After a few days in Koh Samui- we left for the west side of Thailand to see the Andaman Coast.  I've dreamed of seeing the limestone cliffs and kayak the waters below them.  although I knew that we were arriving during them monsoon season- I still had high hopes of having plenty of good days to get out an explore- so I was a bit crushed to be trapped in the hostel lobby for two days as it down poured.  Thankfully, that storm only lasted for two days after arriving.  We did get out once or twice during the first couple of days for short walks.
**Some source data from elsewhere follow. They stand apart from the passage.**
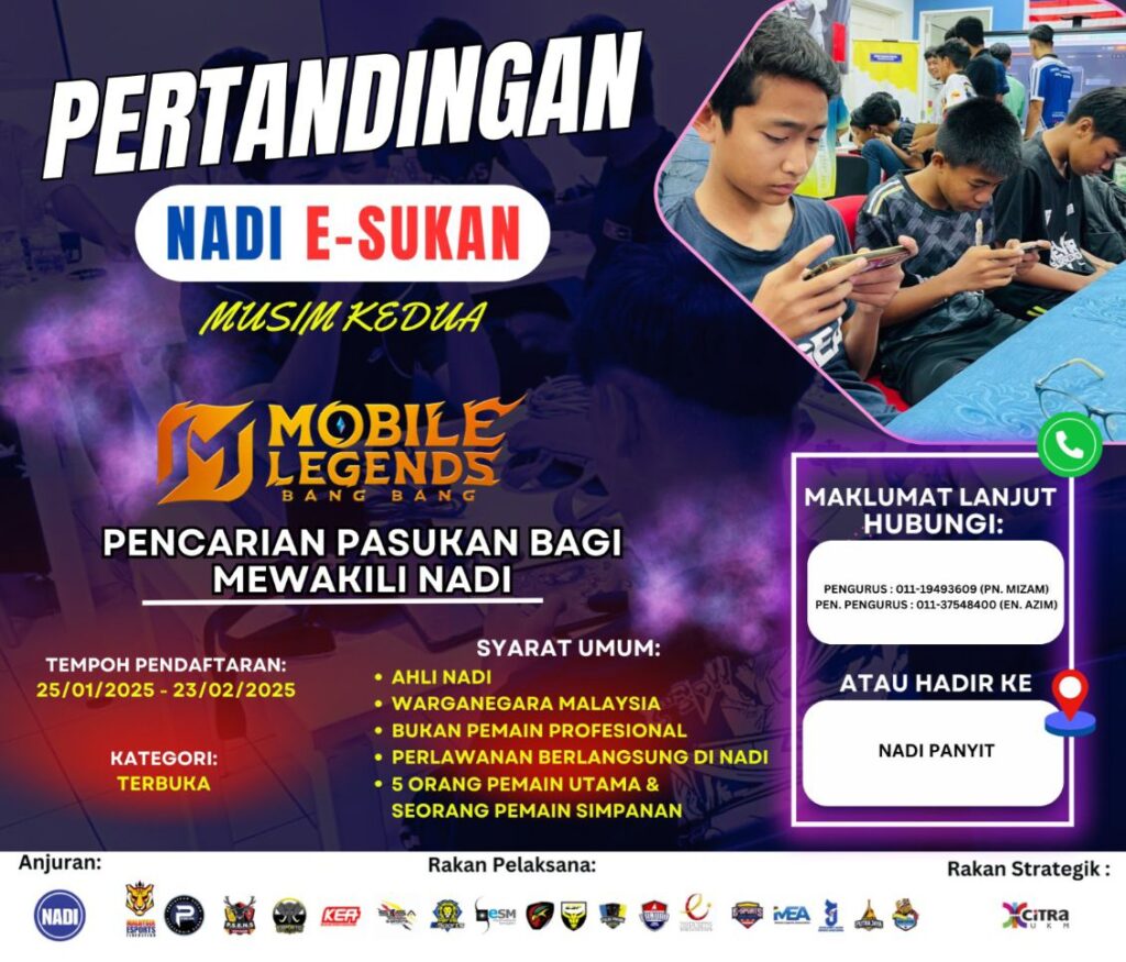 Jangan lepaskan peluang ini! Daftarkan pasukan anda sekarang dan buktikan bahawa anda adalah yang terbaik dalam Mobile Legends: Bang Bang! Mari kita cipta sejarah bersama di pentas e-sukan Malaysia!
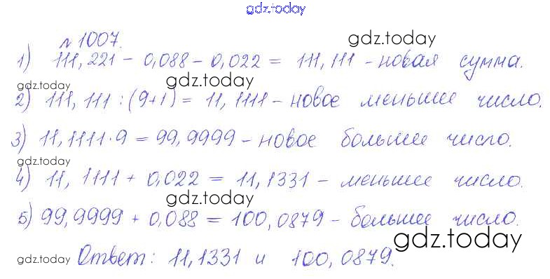 Ответы к Решение. Задачи 1007 Сборнику задач и упражнений по Математике для 5 класса Гамбарин, Зубарева Мнемозина 2011
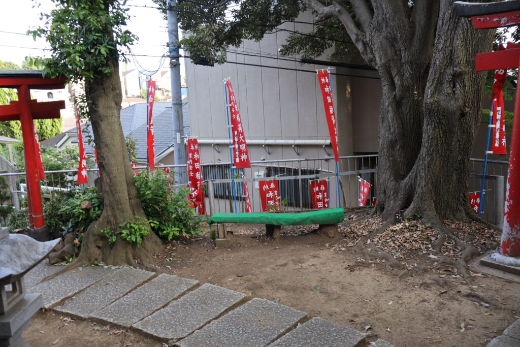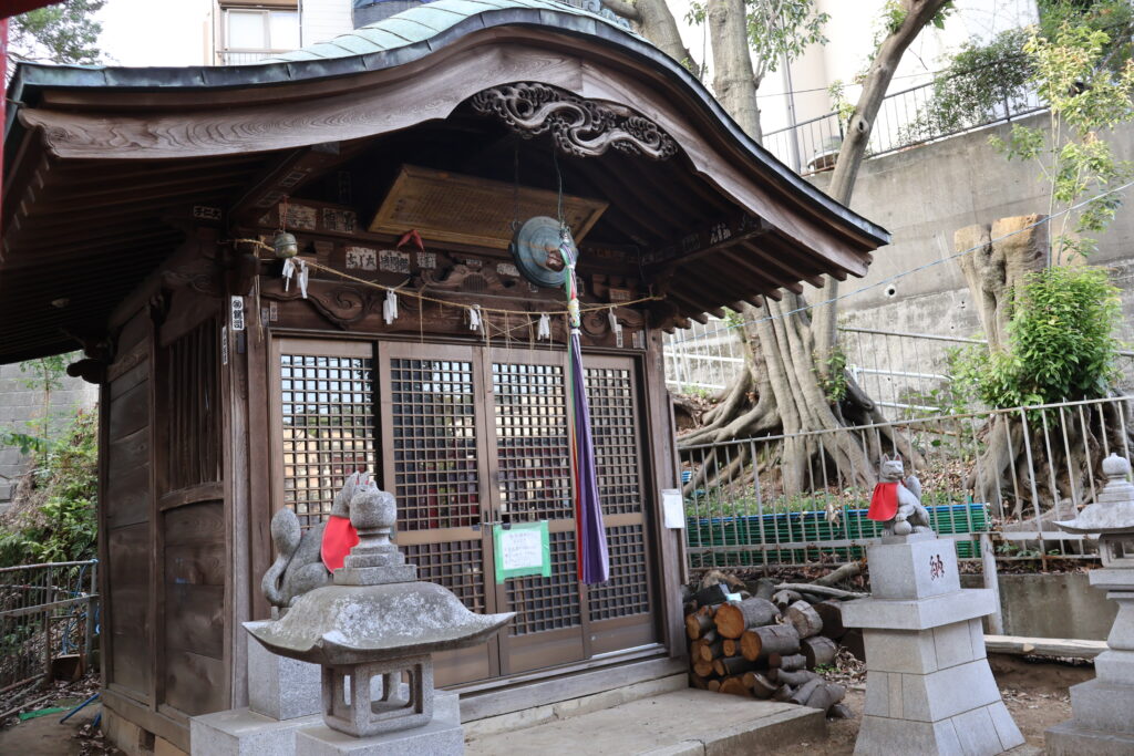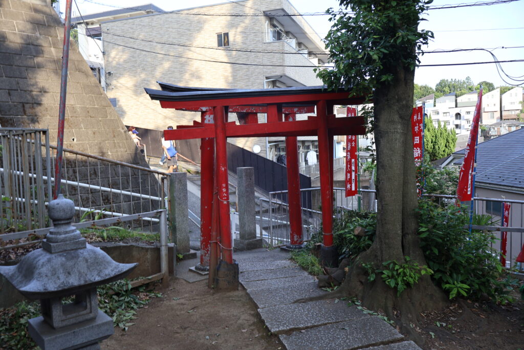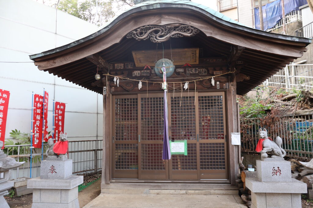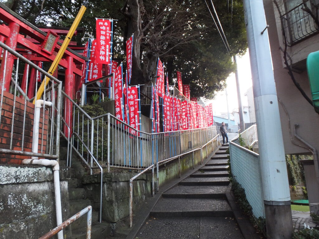 階段を登って直ぐに「和田稲荷神社」が見えてきました(p_-)
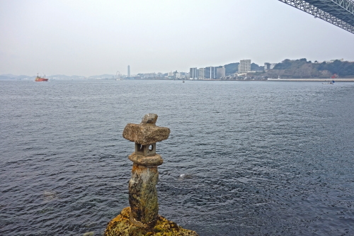 | 関門海峡と石塔。 |
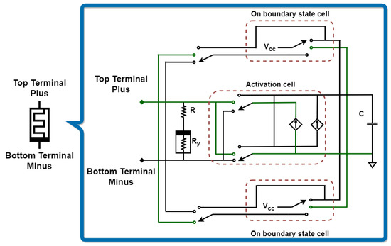A circuit realization of the GBCM model using the software, inspired by [89] was also presented and is shown in Figure 5. Modeling the memristor’s state required measuring the voltage across a capacitor C. Next, there is the series connection of two resistors, the linear resistor R and the non-linear, voltage-controlled one, . As the model’s mathematical description dictates, the boundary conditions of the model need to be set and this is achieved through the set of identical boundary cells. Each boundary cell is made up of two voltage-controlled switches whose functionality is to be activated/deactivated when the voltage across the capacitor reaches its bounds/surpasses the activation threshold. Furthermore, the activation cell consists of two voltage-controlled switches and two current controlled current sources. This configuration is used to model the memristor’s transition from the on to the off state and vice versa depending on the voltage applied to the memristor’s terminals.

This was taken in Krabitown very close to our hostel.

After the weather improved, we spent a day kayaking around the limestone cliffs.  I didn't take my camera for fear of dropping it in the water- but did get this series of pictures of Nate playing on the muddy river after we kayaked!

One of the local highlights of Krabi as well as Southern Thailand is the Tiger Cave Temple.  We caught a songthaew outside our hotel and after a bit of negotiation on the price- we hopped on.  The Tiger Cave Temple used to house a tiger up until the mid-1940s when perhaps the tiger either passed away or moved on- and a temple was built into the cave.  There is also a beautiful temple that can be seen after a painful climb up a non-stop series of stairs- which of course we did.  I almost didn't make it.  The heat and humidity of Thailand make any movement difficult so this was extra challenging.  But worth it- the temple at the top was amazing as were the views.
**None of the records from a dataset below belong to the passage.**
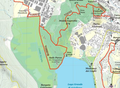 Il sentiero TOS501 parte da piazza Conte Rosso, sale per via Montenero e via Norberto Rosa alla rotonda del Castello, scende in via Piave, sale in via Ortigara e arriva al Culaté. Lì si unisce al TOS501A (variante del Castello, Eea). Poi si prosegue per le Rocce Rosse, Pietra Piana (brevissima digressione) passando poco prima a poca distanza dal monolito Roc ‘d Pera Piana, Monte Capretto, Pilone di Benna Audera, si svolta a destra per raggiungere la Palude dei Mareschi (angolo via Monte Capretto). Qui a sinistra parte la variante TOS501B che raggiunge la Sede del Parco, sale per via Monte Pirchiriano sino a poco prima della porta Sud d’ingresso del Parco (via Pontetto), si svolta a sinistra sulla sterrata che porta al pilone e si ritorna a dove inizia via Monte Capretto.
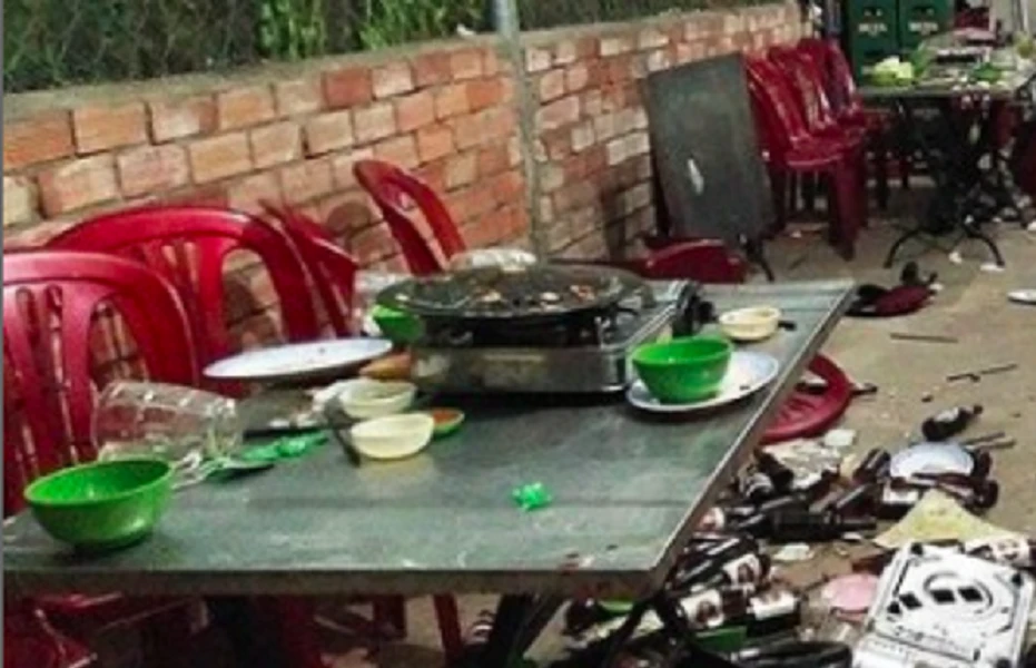 Cho rằng anh Hiên xem thường, đuổi khéo mình nên Dũng tức mình bưng luôn nồi lẩu đang sôi trên bàn tạt vào người anh này.
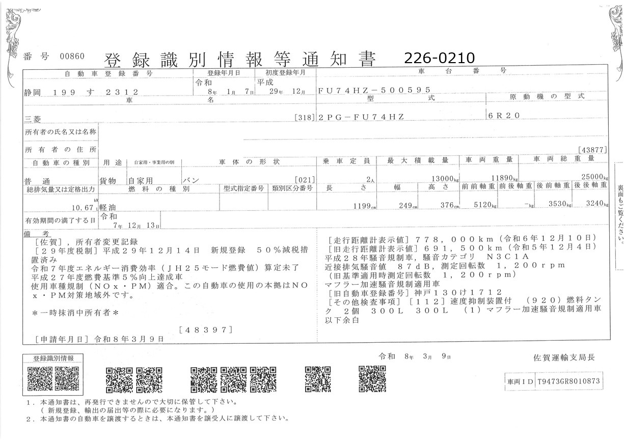 お問い合わせ番号:226-0210G| クラス(車両) | 大型 | メーカー | 三菱 |

The Tiger Cave Temple at the base of the mountain.

After checking out the tiger cave- we searched for the trail up the mountain.

The trail head.  (Note- Nathan just now told me about Purple Mountain in Nanjing, China that he wants to visit which has 392 steps which he now claims to be "child's play") 
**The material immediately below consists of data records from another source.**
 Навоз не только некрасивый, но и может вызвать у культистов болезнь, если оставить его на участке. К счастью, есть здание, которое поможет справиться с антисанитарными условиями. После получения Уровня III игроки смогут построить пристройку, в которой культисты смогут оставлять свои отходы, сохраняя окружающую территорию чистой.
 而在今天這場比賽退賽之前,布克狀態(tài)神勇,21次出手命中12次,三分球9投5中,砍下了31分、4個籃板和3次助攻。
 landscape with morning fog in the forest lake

The stairs up.  After the first several hundred- my legs were rubbery and I started feeling nauseous and dizzy.  I am quite honestly surprised that I ever made it to the top.

Very cute temple guards requesting payment of bananas from those who wish to pass and climb the stairs past them.

We made it up!  And the view was spectacular!

As was the temple, itself.

Our original plan had been to stay in Krabitown for just a few nights before going to Koh Phi Phi island but that quickly changed after investigating the lodging prices there.  For example, we are paying 450 Baht (15 USD) now for a room with AC, a tv and wifi.  The going rate in Phi Phi is 1,200 (40 USD) for a room with a fan- and this is the lowest price in the low-season.  Hard to believe that it would be double or triple that amount in high season.  So we decided to stay where we are and take a day trip to the island to snorkel and sight-see.

I cannot express how beautiful this island is.  It was in the film The Beach, which apparently has caused the island to triple in development since the 2000 film.  Still, the water and limestone cliffs are spell-binding.

We went snorkeling in a few spots around the island but it wasn't as good as the snorkel trip that we had taken with Shane, Sarah and Morgan in Koh Tao.  Apparently, Koh Phi Phi's waters are still recovering from the Banda Aceh tsunami that hit the island in 2004.  I guess between the tsunami and the massive number of tourists- the reefs and ocean life are struggling.  But, we still saw a number of beautiful fish including one of my favorites- the parrot fish.  

I love this photo- it sums up the beauty of the Andaman Coast.

Maya Beach where the movie The Beach was filmed.

And that brings me to now- sitting in the hostel's cafe while Nate fine tunes our upcoming trip to China.  We leave tomorrow for Phuket and from there, fly into Guangzhou.  I feel that staying in a bamboo hut right on the beach seems like the perfect way to end our 6 weeks in Thailand- so that's where we'll be by the time you read this.